Estimation of the breakage function of a roller mill crushing quartzite
Loading...
Authors
Tshinguz, Grace Mulolwa
Issue Date
2020
Type
Dissertation
Language
en
Keywords
Roller mill , Quartzite , Breakage matrix , Breakage function , Assumption of non-normalization , Milling-ratio
Alternative Title
Abstract
Studies on the breakage function of roller mills are limited. The approach of using breakage
functions adapted from other milling systems has been previously used to model the breakage
of laboratory roller mills.
However, in most cases this approach has been found to be inadequate because the assumption
of normalization used for modelling other milling systems may not apply to roller mills.

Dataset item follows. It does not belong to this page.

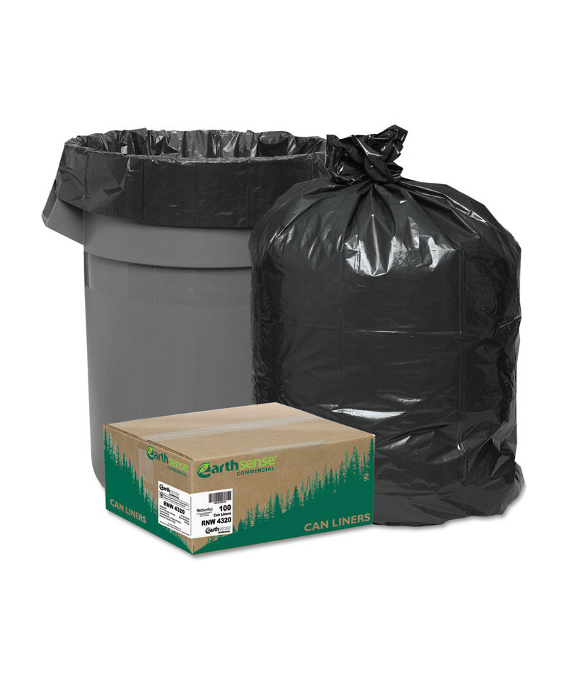 Extra heavy duty recycled liners are suitable for all trash applications. Ideal for state and local municipalities that mandate purchasing of recycled content products. Star bottom seal construction distributes weight more evenly and resists leaks. Coreless rolls for convenient dispensing. Black color hides unsightly trash.

This study assumes the non-normalization of the model for roller milling. It aims to define the
breakage function of roller milling of quartzite and to develop a predictive model for first
breakage for a laboratory roller mill.
Six size fractions of quartzite were prepared using a Jaw Crusher for primary breakage of a
quartzite feed material. The product from the crusher was split into narrow size ranges using a
sieve shaker. Each size fraction was in turn split into three samples, which were then fed
separately to the roller mill, using a different roll gap for each sample. A breakage matrix for each
roll gap size was then generated from the product size analysis of the sample. Using the
cumulative passing and the milling ratio, the analysis of the three breakage matrices led to the
definition of the breakage function. The coefficients of the breakage function were curve-fitted,
in order to develop a predictive model.
The results indicate that the assumption of non-normalization is appropriate for roller milling of
quartzite rock. The breakage function follows a log-normal trend for all the feed size fractions
used, and the coefficients of the breakage function can be fitted by polynomial functions of
second degree of the feed size. Further research is needed to investigate the correlation of the
breakage function and the product size.